*Assigned task:* The lines to copy run from the one containing "Salle d'eau attenante" to the end of the listing. Please write them out exactly, minus the pictures.

*Source data:*
○ ○ ○ ○ ○

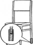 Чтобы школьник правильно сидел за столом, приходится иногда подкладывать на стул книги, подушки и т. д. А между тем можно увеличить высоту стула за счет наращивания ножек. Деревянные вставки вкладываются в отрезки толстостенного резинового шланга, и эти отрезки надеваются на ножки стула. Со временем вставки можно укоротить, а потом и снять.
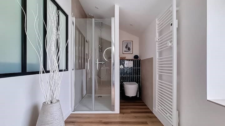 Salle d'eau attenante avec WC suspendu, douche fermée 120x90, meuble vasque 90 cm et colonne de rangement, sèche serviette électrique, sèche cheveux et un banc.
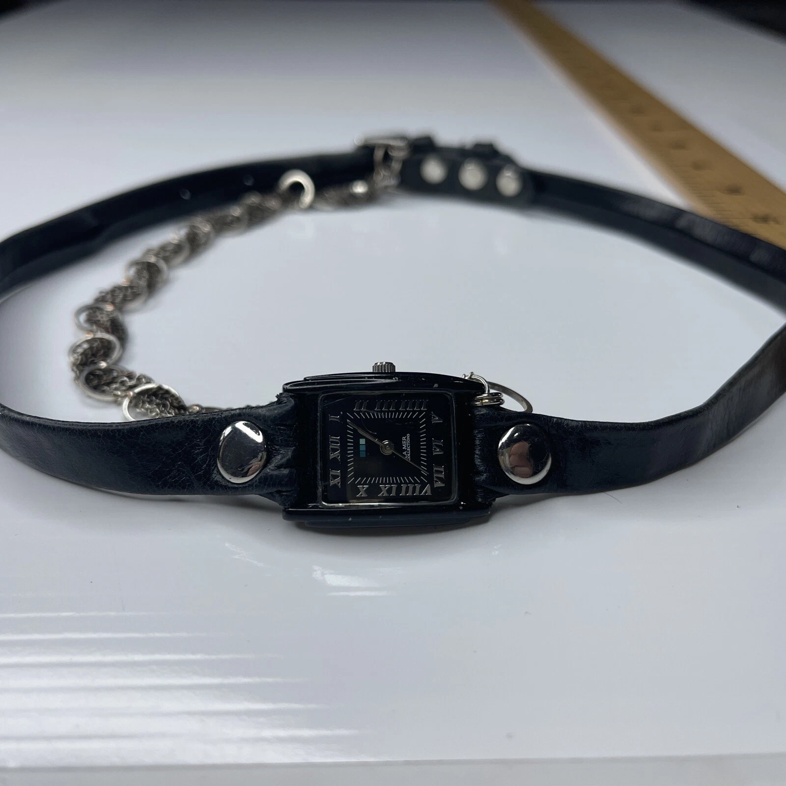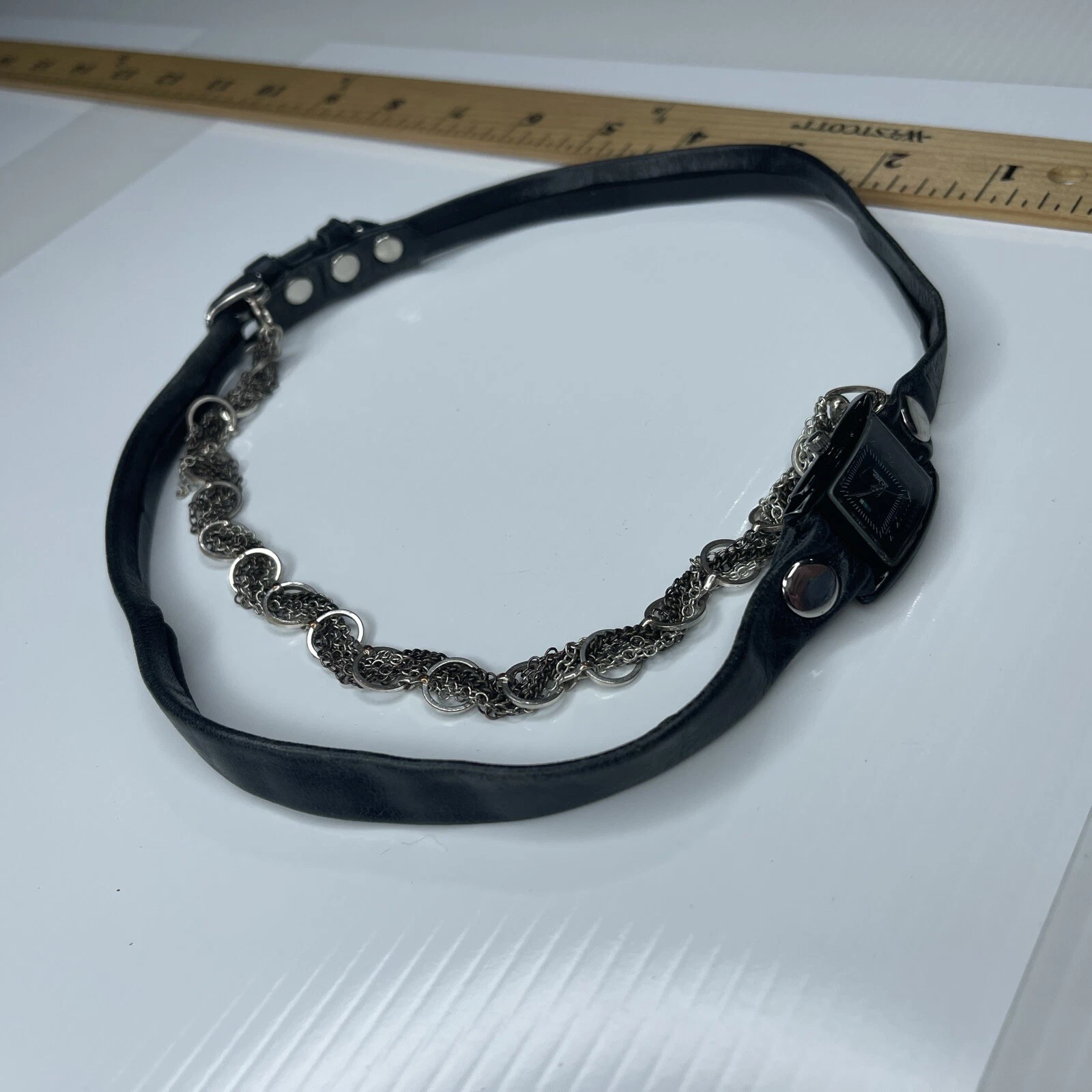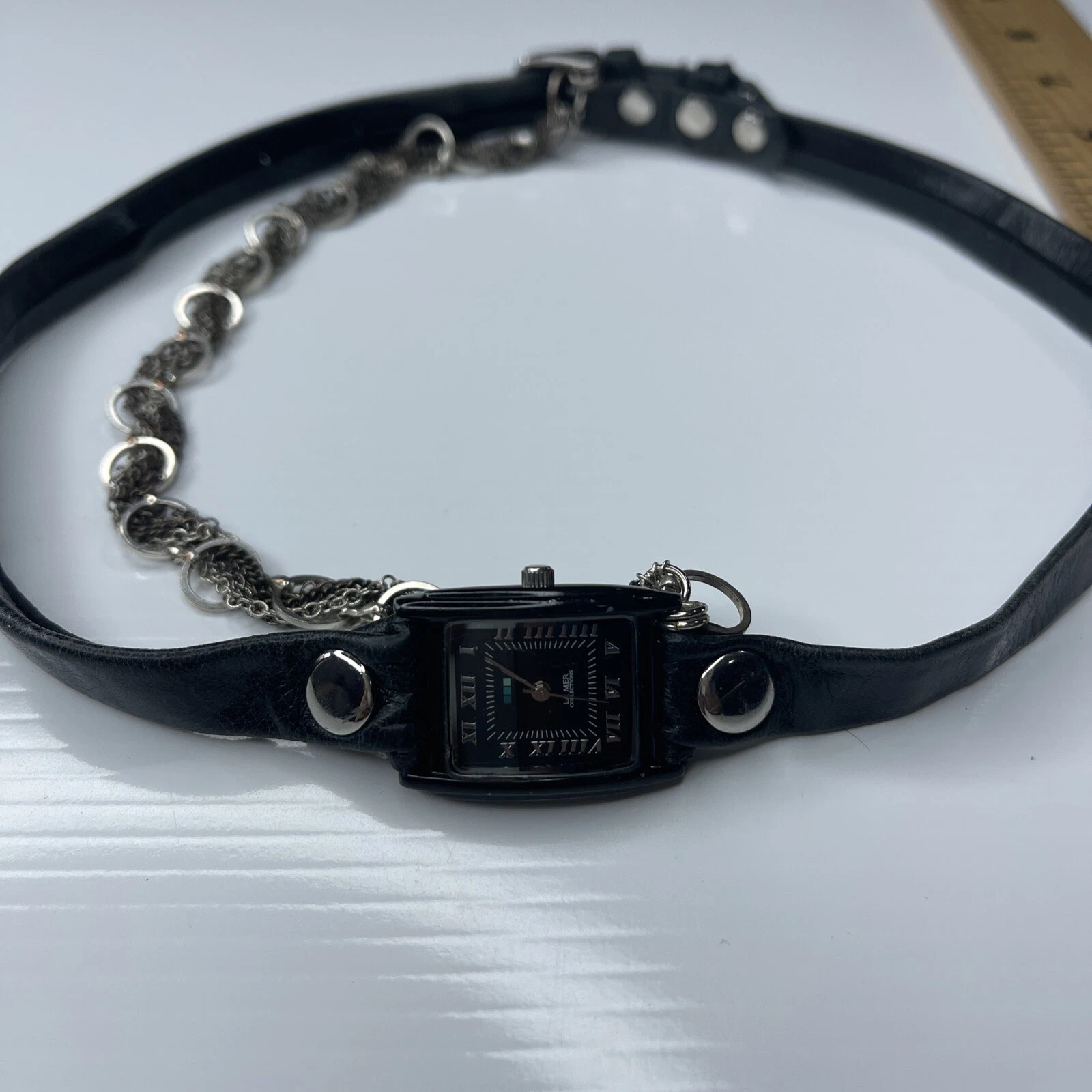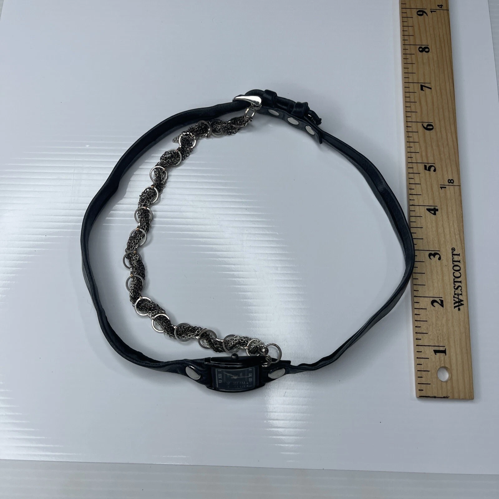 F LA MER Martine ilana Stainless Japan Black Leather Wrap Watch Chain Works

○ ○ ○ ○ ○

*Answer:*
 Salle d'eau attenante avec WC suspendu, douche fermée 120x90, meuble vasque 90 cm et colonne de rangement, sèche serviette électrique, sèche cheveux et un banc.
 F LA MER Martine ilana Stainless Japan Black Leather Wrap Watch Chain Works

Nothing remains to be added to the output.